The carvings on the stones are comparable with monuments all around the Irish Sea, from Scotland, Ireland and North Wales. Some say these stones are the most decorated of their kind, and one of the dagger shaped carvings even bears a resemblance to a tomb carving in Spain!
The megalithic building traditions started in the Mediterranean area. Those traditions then made their way up the Atlantic seaboard, becoming heavily associated with north west Europe.
Secondly, a look at the landscape in which the Calder Stones sit yields further clues. The monument’s original site, like many similar tombs, is towards the top of sloping ground. The spot itself is just shy of the summit. In the Neolithic period, the tomb may have been extremely easy to see from the well-used pathways of the valley floor.
A map used in a boundary dispute in 1568 shows at least three other monuments in the area. Robin Hood’s Stone, which still exists, and the Rodger Stone, which does not, are standing stones. (The third monument, the Pikeloo Hill, also no longer exists). Examples in other parts of Europe suggest that standing stones were in valley bottoms, or on trackways. People could have used the stones as marker points. Perhaps people were expected to take a moment to gaze uphill to where the ancestors were buried. Liverpool’s two standing stones may have played this role in the Calder Stones landscape.

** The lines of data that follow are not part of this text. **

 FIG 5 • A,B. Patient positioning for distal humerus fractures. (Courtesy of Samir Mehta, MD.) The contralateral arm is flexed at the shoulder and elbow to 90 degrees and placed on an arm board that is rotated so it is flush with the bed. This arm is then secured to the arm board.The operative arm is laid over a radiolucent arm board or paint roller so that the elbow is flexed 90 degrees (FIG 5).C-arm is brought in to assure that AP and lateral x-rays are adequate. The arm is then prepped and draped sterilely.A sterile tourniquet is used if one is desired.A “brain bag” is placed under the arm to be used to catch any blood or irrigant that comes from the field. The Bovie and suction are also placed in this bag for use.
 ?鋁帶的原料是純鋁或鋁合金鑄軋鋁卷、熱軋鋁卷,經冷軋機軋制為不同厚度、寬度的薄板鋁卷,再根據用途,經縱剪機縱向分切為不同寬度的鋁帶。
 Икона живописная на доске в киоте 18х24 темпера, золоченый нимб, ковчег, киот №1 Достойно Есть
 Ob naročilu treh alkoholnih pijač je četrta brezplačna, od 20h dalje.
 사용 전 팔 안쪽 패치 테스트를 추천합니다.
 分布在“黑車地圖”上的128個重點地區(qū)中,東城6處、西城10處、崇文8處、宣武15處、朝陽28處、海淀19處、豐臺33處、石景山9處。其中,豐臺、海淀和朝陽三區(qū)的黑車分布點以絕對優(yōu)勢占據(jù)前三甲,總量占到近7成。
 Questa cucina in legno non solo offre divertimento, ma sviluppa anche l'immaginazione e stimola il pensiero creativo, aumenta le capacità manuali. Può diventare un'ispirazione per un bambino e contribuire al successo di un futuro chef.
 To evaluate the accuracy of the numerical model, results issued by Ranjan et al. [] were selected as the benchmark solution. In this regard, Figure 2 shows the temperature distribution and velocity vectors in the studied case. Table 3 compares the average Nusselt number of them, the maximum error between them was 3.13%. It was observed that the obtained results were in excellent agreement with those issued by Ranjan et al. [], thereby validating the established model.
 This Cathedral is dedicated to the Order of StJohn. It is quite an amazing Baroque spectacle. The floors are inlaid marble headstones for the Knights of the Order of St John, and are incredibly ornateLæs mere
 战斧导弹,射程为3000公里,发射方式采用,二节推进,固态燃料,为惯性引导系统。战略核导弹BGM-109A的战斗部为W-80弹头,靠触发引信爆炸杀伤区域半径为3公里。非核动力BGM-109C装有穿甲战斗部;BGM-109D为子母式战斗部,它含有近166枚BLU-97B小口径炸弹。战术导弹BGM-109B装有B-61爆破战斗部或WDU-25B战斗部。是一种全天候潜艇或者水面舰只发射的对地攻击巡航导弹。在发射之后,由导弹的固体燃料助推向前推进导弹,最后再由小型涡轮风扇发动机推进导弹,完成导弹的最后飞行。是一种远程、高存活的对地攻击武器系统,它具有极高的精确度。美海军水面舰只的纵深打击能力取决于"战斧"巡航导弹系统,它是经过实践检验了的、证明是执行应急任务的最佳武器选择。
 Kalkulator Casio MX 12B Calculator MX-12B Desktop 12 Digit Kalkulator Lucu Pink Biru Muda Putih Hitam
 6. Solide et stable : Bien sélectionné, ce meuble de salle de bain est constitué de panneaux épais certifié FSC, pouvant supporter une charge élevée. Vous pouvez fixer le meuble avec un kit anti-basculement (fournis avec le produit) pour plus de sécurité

The Calder Stones tomb was extremely long-lived, and may have been used for up to 800 years after it was raised. It may even be the case that this tomb was one of the last of its kind, still being visited as the Bronze Age began and new religious practices emerged.
The stones have been sitting in a greenhouse for some decades now. It has done nothing to help preserve them. The sandstone from which they are made is prone to flaking in an environment like this. Temperature can change often and humidity is high. Projects to investigate the ancient history of the area have included the Calder Stones in their plans. As this article was being written came news that the stones should be about to move to an open air site closer to their original location.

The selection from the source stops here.